“Los Angeles?”
“Quiet, don't let your grandma hear.”
Brushing past her aunt, Norah moved to the center of the room. She held her arms perpendicular to her sides and began to slowly pirouette, each sentence spinning to four corners. “There is no cult. Erica Quinn is no Angel. She is sorry for her sins.”
Her aunt stepped toward her, caught hold of her wrists, and stilled her. “But why doesn't she come home?”
“We are all afraid of what's in our hearts. Wives afraid of their husbands. Mothers afraid of their children. Daughters afraid to come home. Maybe she is waiting for someone to find and forgive her.”
Diane spoke in a calm, clear voice. “You are a strange creature, Norah Quinn. Where did you come from?”
The girl began to twitch slightly, holding back the answer. From the kitchen, Margaret called them to dinner, but Diane would not let go, her fingers digging into the girl's skin. “But couldn't you tell her? Couldn't you let her know that nothing matters more to her mother than seeing her child again? That she should come back home?”
“I cannot go where I haven't been called. And I don't want to go, I like it here. And Grandma cannot go. She is not well.” As if her soul had flown away, Norah stared blankly ahead, her vision turned inward and awry.
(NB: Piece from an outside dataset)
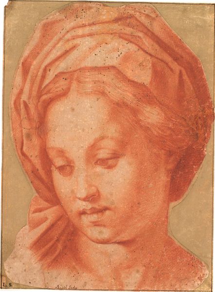 Editor: Raphael's "Man and Woman Crowned with Laurel", rendered in charcoal and chalk, it's… intriguing, a drawing seemingly caught between studies and a final declaration. I’m immediately drawn to the gazes; they don't quite meet, do they? What unspoken story do you see playing out here? Curator: Ah, yes, the dance of averted eyes. It’s curious, isn't it? And beautiful in its subtlety. It whispers of Renaissance ideals, of course, but perhaps also of the complexities within the human heart. See how the laurel wreaths crown them – symbols of honor, achievement... yet, the expressions are far from triumphant. Tell me, what feeling do those shadowed features evoke in you? Editor: Melancholy, maybe? A quiet thoughtfulness. I suppose the laurel wreaths add this layer of classicism and grandeur, but I can’t help but think the drawing also feels unfinished. Almost… vulnerable. Curator: Precisely. Think about it – the sketch-like quality reveals the artist’s hand, his process. It’s intimate. A glimpse behind the curtain, away from the polished finality of a painting. Does this raw intimacy challenge or enrich your perception of Raphael as a master? Editor: Definitely enriches it! Knowing how intentional those artists were. I tend to only consider their work to be completed if in a finalized oil painting. Now, understanding this to be a drawing that would inform other pieces I’m considering its own achievement in thought. It humanizes the whole era for me somehow. Thanks for the lesson. Curator: And thank *you* for sparking a fresh perspective, It’s amazing to ponder over each piece; there are always discoveries to be made in those suggestive lines, waiting for a knowing eye to see what others may pass over.
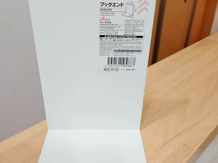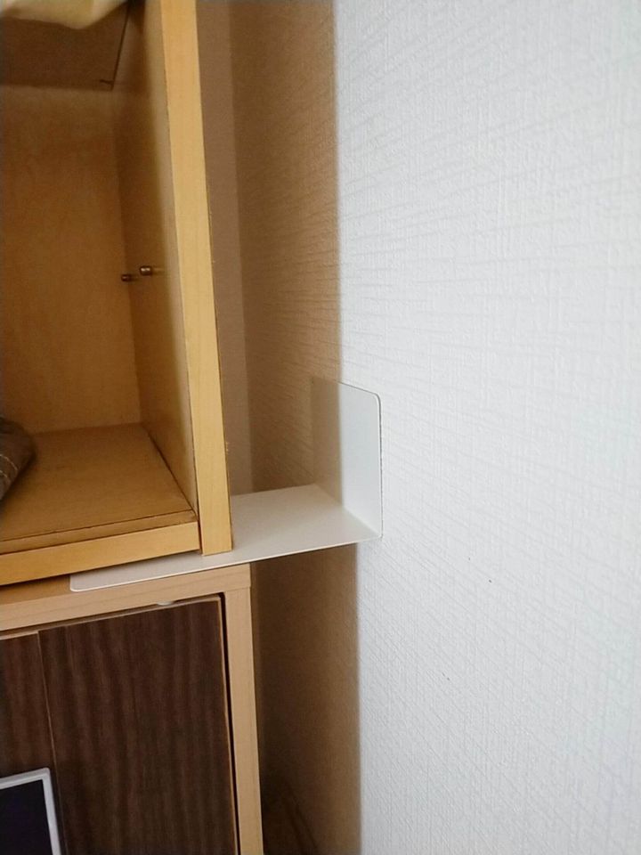 棚板の間に100円ショップで買ったブックエンドを差し込んで

“Why have you come?” Diane shook her once to claim her attention, instantly regretting her temper.
Margaret shouted for them again. “Dinner's on the table. Where are you? This is no time for hide-and-seek.”
“Coming,” Diane yelled. She lowered her voice to admonish Norah. “Next time you speak to her, tell your mother to come home.”
“You could go,” Norah said. “If you were careful. Safety first. Follow the rules. Never talk to strangers. Do not stare directly into the flash.”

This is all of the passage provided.